Say no to Stephens-Howling! And drugs. Also say no to drugs.
DO Snatch Up Josh Freeman
Image by Eric Miller / Reuters
One's an accident. Two's coincidence. But when Josh Freeman puts up his third game in a row throwing for three touchdowns — all 22-point performances or better — it's time to take notice.
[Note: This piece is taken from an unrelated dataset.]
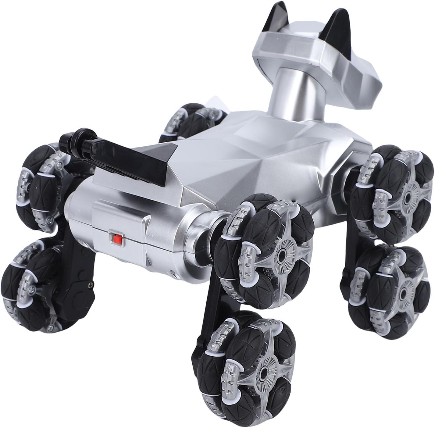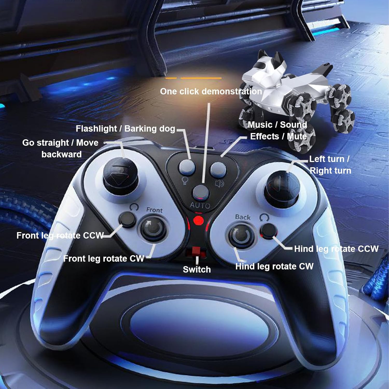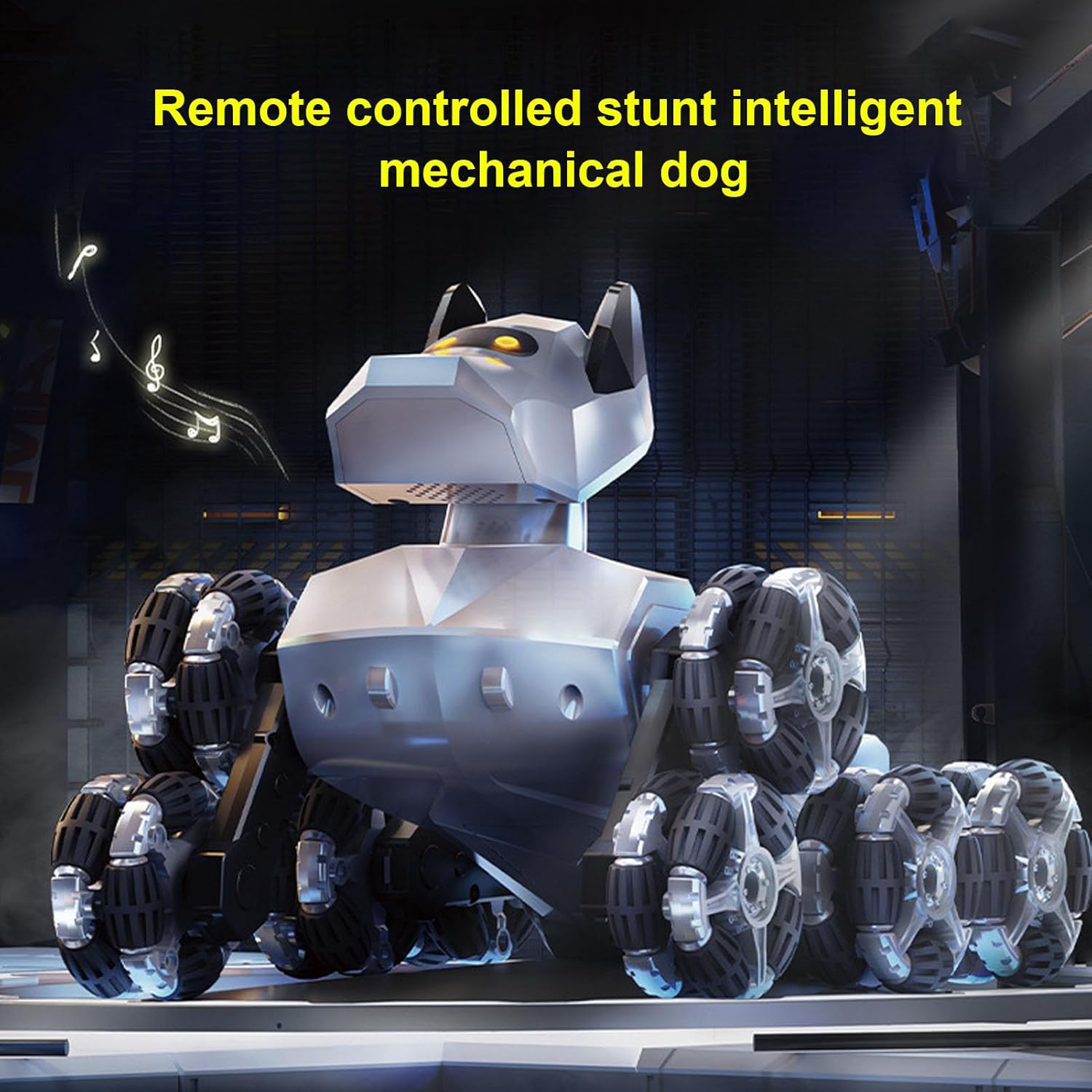 ALTAMENTE TECNOLOGICO E ACCATTIVANTE: Combinando l'aspetto di un cane meccanico con un design a otto ruote motrici, la sua forma ricorda quella di un futuro cane da battaglia, con linee audaci e luci a LED (come gli occhi e il telaio) come accenti. Accoppiato con effetti sonori dinamici, cammina come un compagno intelligente di un film di fantascienza, emanando un senso futuristico ed è profondamente amato dai ragazzi MOVIMENTO FLESSIBILE, STUNTAZIONI CONTINUE: Il giocattolo per cani robot telecomandato adotta quattro paia di ruote in gomma antiusura, che supportano le svolte in avanti, all'indietro, a sinistra e a destra e può completare fantastiche acrobazie come rotazione a 360° sul posto, rotazione laterale, rotolamento e camminata all'indietro. Ha una forte potenza e un'ottima presa e può correre senza problemi su vari tipi di terreno come pavimenti, tappeti e piastrelle, il che è molto interessante FUNZIONAMENTO DEL TELECOMANDO E RISPOSTA SENSIBILE: L'auto giocattolo per cani robot telecomandata è dotata di un telecomando wireless da 2,4 GHz, con una lunga distanza di controllo (solitamente 15-25 metri), segnale stabile e forte capacità di prevenire interferenze. La disposizione dei tasti è chiara e il funzionamento è semplice. INTERAZIONE INTELLIGENTE, ESPERIENZA COINVOLGENTE: Supporta effetti sonori di abbaio, luci lampeggianti, modalità segui o funzioni di evitamento automatico degli ostacoli. Il cane robot emette abbaiamenti simulati e suoni elettronici mentre si muove, come se fosse un vero animale domestico, migliorando il senso di immersione nel personaggio e permettendo ai bambini di provare il divertimento di addestrare cani meccanici mentre giocano MATERIALE SICURO, DI LUNGA DURATA E ANTIURTO: Il corpo del giocattolo per cani robot da arrampicata è realizzato in plastica ABS ad alta resistenza, resistente agli urti e all'usura. Gli angoli sono arrotondati e senza sbavature, soddisfacendo gli standard di sicurezza per i giocattoli per bambini. Alimentato a batteria, ricarica USB o utilizzando batterie a secco, con durata della batteria stabile, che è un regali per compleanni, festival e come ricompensa

Although Freeman isn't actually that good of a quarterback, he's found a way to exploit the weak defenses Tampa's been facing for maximum fantasy effectiveness; that is, a few touchdowns, no interceptions, and a respectable amount of yardage. (Fantasy, kindly enough, doesn't mind volume shooters — the fact that it took Freeman 36 attempts to pick up 262 yards last night doesn't matter.)
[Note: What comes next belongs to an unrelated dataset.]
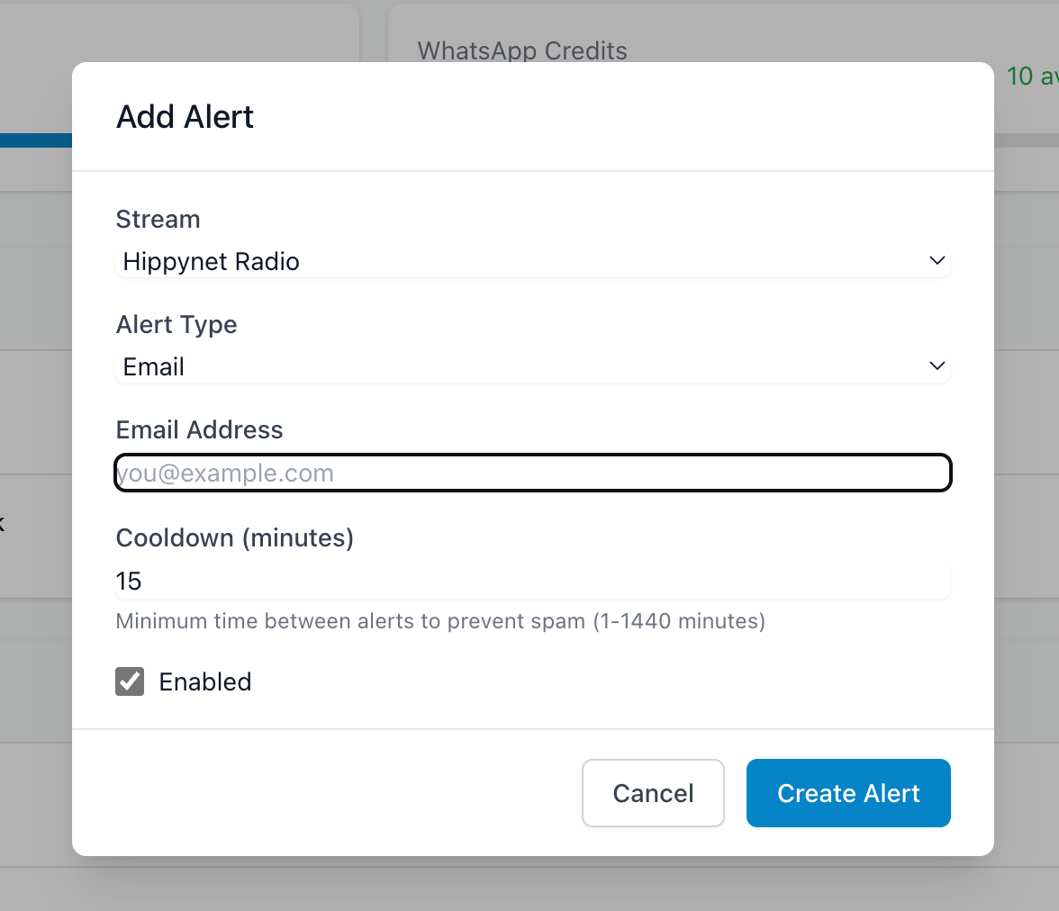 | Cooldown | Minutes to wait before sending another alert for the same stream. Prevents alert spam. Default: 15 minutes |
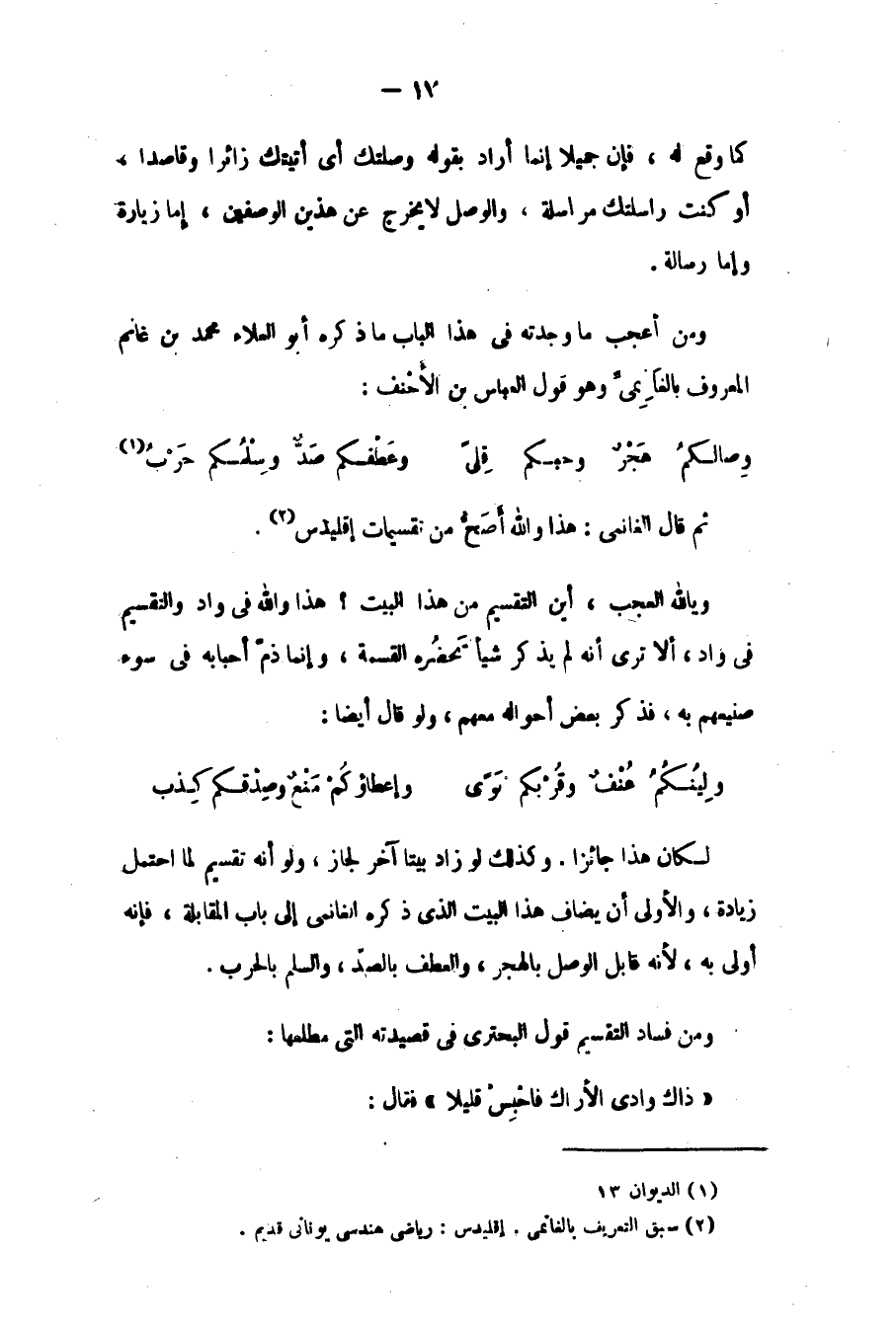ومن أعجب ما وجدته في هذا الباب ما ذكره أبو العلاء محمد بن غانم المعروف بالغانمي هو قول العباس بن الأحنف:

For the rest of the season, Freeman should continue to be a decent alternative play: in the next two weeks, he faces Oakland and San Diego, both below-league-average passing defenses, and later on in the season he draws New Orleans again. If you can start a quarterback who's playing against the Saints, you should.
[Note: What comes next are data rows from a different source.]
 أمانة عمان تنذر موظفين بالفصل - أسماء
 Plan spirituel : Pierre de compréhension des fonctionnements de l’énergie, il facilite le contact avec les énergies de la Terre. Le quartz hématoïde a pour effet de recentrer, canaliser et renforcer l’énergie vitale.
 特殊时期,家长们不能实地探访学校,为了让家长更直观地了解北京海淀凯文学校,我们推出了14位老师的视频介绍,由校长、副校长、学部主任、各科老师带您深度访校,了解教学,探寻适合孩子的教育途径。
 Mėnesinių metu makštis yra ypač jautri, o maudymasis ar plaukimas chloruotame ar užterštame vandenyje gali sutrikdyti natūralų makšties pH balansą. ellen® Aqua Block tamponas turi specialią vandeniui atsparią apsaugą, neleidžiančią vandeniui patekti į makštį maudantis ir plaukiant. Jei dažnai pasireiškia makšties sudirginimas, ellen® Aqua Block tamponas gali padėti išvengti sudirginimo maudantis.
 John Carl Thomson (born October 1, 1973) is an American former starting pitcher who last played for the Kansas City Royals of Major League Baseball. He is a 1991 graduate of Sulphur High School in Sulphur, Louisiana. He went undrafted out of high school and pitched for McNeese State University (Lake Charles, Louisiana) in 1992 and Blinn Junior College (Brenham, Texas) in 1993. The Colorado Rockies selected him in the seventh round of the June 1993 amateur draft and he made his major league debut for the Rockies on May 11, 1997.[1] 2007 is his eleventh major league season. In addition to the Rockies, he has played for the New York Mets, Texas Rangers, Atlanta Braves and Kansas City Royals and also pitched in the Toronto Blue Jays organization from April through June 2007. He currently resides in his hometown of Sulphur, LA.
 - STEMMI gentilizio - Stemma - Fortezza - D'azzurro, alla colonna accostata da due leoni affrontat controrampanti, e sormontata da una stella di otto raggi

DON'T Even Look At Tony Romo
Image by Chuck Burton / AP
Oh, Tony Romo, why hast thou forsaken throwing mad touchdowns? In 2011, Romo was the NFL's 7th-best quarterback; this year, he isn't even in the top half of the league. He's 24TH. 24th! What happeend to the ol' Cowboys gunslinger! Dez Bryant has yet to grow into the receiver that the Cowboys hoped he would be, leaving Romo with one less weapon than would be ideal, and he has a bunch of tough defenses coming up, including Atlanta and Philly. Down the road a ways, Romo could see a resurgence in value — the Browns, Saints, and Redskins (twice!) will do that for you — but you'll have to decide whether it's worth holding a roster spot for a guy who's probably only going to have significant value four more times this season. Like — he's had fewer fantasy points this year than Brandon Weeden. I don't care if you drafted him in the third or fourth round; get off this sinking ship.